Streng earned a bachelor's degree at Texas Lutheran College, a master's in English at Southern Methodist and a bachelor of divinity and a doctorate in the history of religion at the University of Chicago.

His graduate study at the University of Chicago took place under Mircea Eliade, Joseph Kitagawa, and Bernard Meland, from 1956 to 1963. He wrote his doctoral thesis about Buddhist thinker Nagarjuna, which was later published as Emptiness - A Study of Religious Meaning (Abingdon Press, 1967) and became required reading for leading philosophers and theologians in America.
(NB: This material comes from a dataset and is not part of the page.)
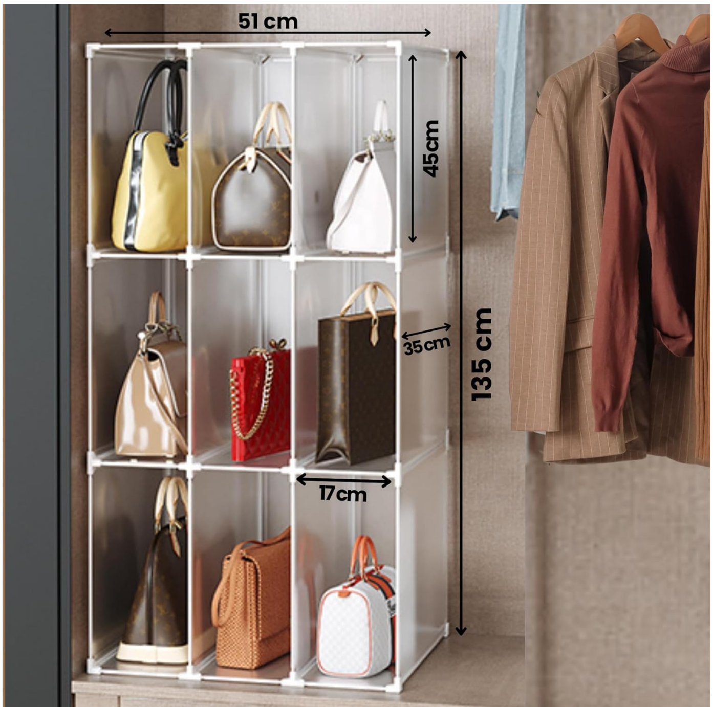
Image: Dimensional overview of the assembled 9-module organizer, indicating its overall size.

He studied at Benares Hindu University in India as a Fulbright scholar from 1961-1962, received a National Endowment of the Humanities grant in 1979, and also won Carnegie and Ford fellowships.

Streng was the president of the international Society for Buddhist and Christian Studies and died while serving as its third president. He was also the former president of the American Society for the Study of Religion from 1987-1990. and of the Society for Asian Comparative Philosophy in 1971.

He wrote and edited several books, including Understanding Religious Life (Wadsworth, 1984) and Ways of Being Religious: Readings for a New Approach to Religion (co-authored with Charles L. Lloyd Jr and Jay T. Allen). He also wrote articles for journals, including "The Ontology of Silence and Comparative Mysticism" for Philosophy Today and the Encyclopedia Britannica and the Encyclopedia of Religion, as well as translating and interpreting Madhyamaka texts.

In 1969, he launched The Religious Life of Man Series with Dickenson Publishing Company, which included separate volumes by different authors writing about various religious beliefs around the world.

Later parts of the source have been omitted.